The vast majority of people reading this are not inclined to cheat.  This intended for the few who are tempted.



University Policy on Cheating or Plagiarism (From the UCB General Catalog)

Achievement and proficiency in subject matter include your realization that neither is to be achieved by cheating.  An instructor has the right to give you an F on a single assignment produced by cheating without determining whether you have a passing knowledge of the relevant factual material.  That is an appropriate academic evaluation for a failure to understand or abide by the basic rules of academic study and inquiry.  An instructor has the right to assign a final grade of F for the course if you plagiarized a paper for a portion of the course, even if you have successfully and, presumably, honestly passed the remaining portion of the course.  It must be understood that any student who knowingly aids in plagiarism or other cheating, e.g., allowing another student to copy a paper or examination question, is as guilty as the cheating student.



For EECS students, the department policy


What is cheating and plagiarism?

plagiarize, v. 1) To steal and use (the ideas or writings) of another) as one's own (from the American Heritage Dictionary)
cheat, v. 1) To act dishonestly; practice fraud (from the American Heritage Dictionary)

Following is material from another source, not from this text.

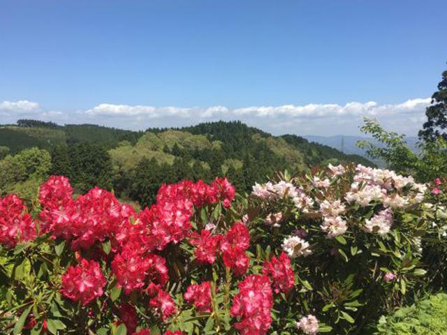 西日本最大級の規模を誇るしゃくなげ園。園内には、100種類20,000本のシャクナゲが咲き誇ります。日本シャクナゲ、西洋シャクナゲが順次見頃を迎えるため、長い期間シャクナゲを楽しむことができます。高台に位置するため、そこからの景色も絶景です。

If you turn in someone else's work as if it were your own, you are guilty of cheating.  This includes homework sets, answers on exams, project reports, etc. If you use the assistance of another student in taking an exam or quiz, that is cheating. If you use material from another source verbatum without quoting and attributing that source, that is plagarism.

Anyone who asks you to cheat is threatening your grade and your future as well as his or hers.  Don't give in!